Pregnancy requires adjustments in the mother’s immune system to avoid rejection of the semi-foreign fetus and to avoid complications of pregnancy later on, and these complex adjustments are associated with interactions between immune factors.
While these immune modifications are beneficial because they allow the embryo to grow, activating similar mechanisms in cancer means that the tumor may grow unchecked, and treatments aimed at stimulating an immune response may not be effective.
“In pregnancy, the immune system does not reject the growing fetus, so we know that there are active mechanisms in the placenta,” Weiping Zhu, a Ph.D., told EurekAlert. “The same thing happens in cancer: the growing tumor is not rejected by the immune system. This means that cancer cells have developed strategies to suppress immune rejection, just as happens in pregnancy.”
Researchers turned to pregnancy to understand why some cancers are able to bypass the immune system and grow unchecked. Zou collaborated with other researchers from the Rogel Cancer Center at the University of Michigan in the United States, bringing together unique expertise in immunology, cancer genetics, gynecology and medicinal chemistry.

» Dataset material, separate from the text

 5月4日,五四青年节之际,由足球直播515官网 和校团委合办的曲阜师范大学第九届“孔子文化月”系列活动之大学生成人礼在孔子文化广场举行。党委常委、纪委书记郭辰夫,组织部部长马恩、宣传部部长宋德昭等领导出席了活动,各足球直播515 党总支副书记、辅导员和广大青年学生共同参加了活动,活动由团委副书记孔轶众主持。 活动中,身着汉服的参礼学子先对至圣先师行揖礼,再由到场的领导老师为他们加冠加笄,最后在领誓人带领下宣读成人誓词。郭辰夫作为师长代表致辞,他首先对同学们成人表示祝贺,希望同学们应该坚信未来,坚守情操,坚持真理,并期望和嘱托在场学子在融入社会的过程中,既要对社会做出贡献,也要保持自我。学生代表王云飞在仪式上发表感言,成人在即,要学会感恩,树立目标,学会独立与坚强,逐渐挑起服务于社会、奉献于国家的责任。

Mechanism of immunosuppression
Researchers have found that a molecular mechanism called P7H4 is involved in suppressing the immune system in pregnancy and cancer, and when this mechanism is disrupted, the immune system is activated to slow the growth of cancer.
Looking at mouse models and breast and gynecological cancer cells in the lab, the researchers identified progesterone as a key regulator of the P7H4 immune checkpoint.

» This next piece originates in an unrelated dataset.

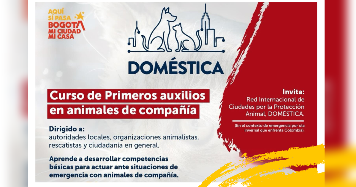 ¡En Bogotá, mi Ciudad, mi Casa nos mueve la solidaridad y el cuidado animal! La Red Internacional de Ciudades por la Protección Animal Doméstica (Red Doméstica), presidida por el Instituto Distrital de Protección y Bienestar Animal (IDPYBA) en Bogotá, lanza el curso virtual y gratis 'Primeros Auxilios para Animales de Compañía' con 40 horas de extensión, el cual contará con certificación. ¡Conoce los detalles e inscríbete!

While the male hormone androgen has previously been linked to immune suppression in prostate cancer, this is the first time the female hormone progesterone has been shown to influence the immune response in cancer.
What we don’t know about immunity
In the study, published in the journal Cell on July 4, researchers used an inhibitor to disrupt progesterone signaling in mice with breast cancer and in human breast cancer tissue samples, which slowed cancer growth in mice and activated the immune response. The effect was clear but not significant.

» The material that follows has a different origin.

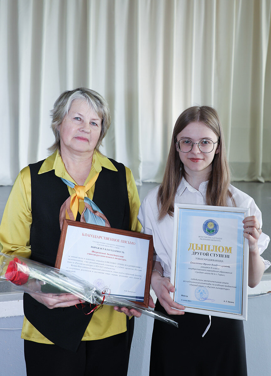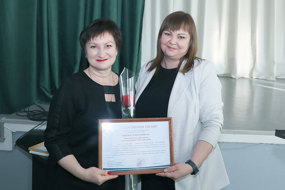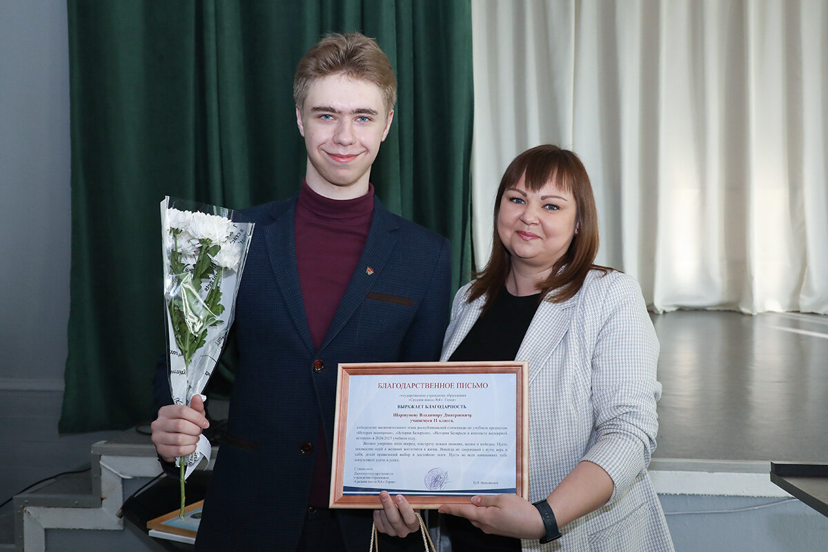 В этом году СШ № 4 является лидером по количеству дипломов, которые завоевали их ученики на заключительном этапе республиканской олимпиады. Из трех престижных наград в районе две принадлежат им. Ирина заняла второе место по русскому языку и литературе, а Владимир поднялся на третью ступеньку пьедестала почета по «Всемирной истории», «Истории Беларуси» и «Истории Беларуси в контексте мировой истории».

“P7H4 is an important but complex checkpoint,” Zou said. “Progesterone regulation is one mechanism, but we need more studies to understand whether other mechanisms are also involved in P7H4 regulation. We don’t have a direct way to disrupt this signaling pathway, the receptors are still unknown, and there is something in the basic immunobiology that we still don’t understand.”
The researchers plan to conduct additional studies to look at the mechanisms that regulate the stability of the P7H4 protein, as well as the role of other factors in cancer immunology.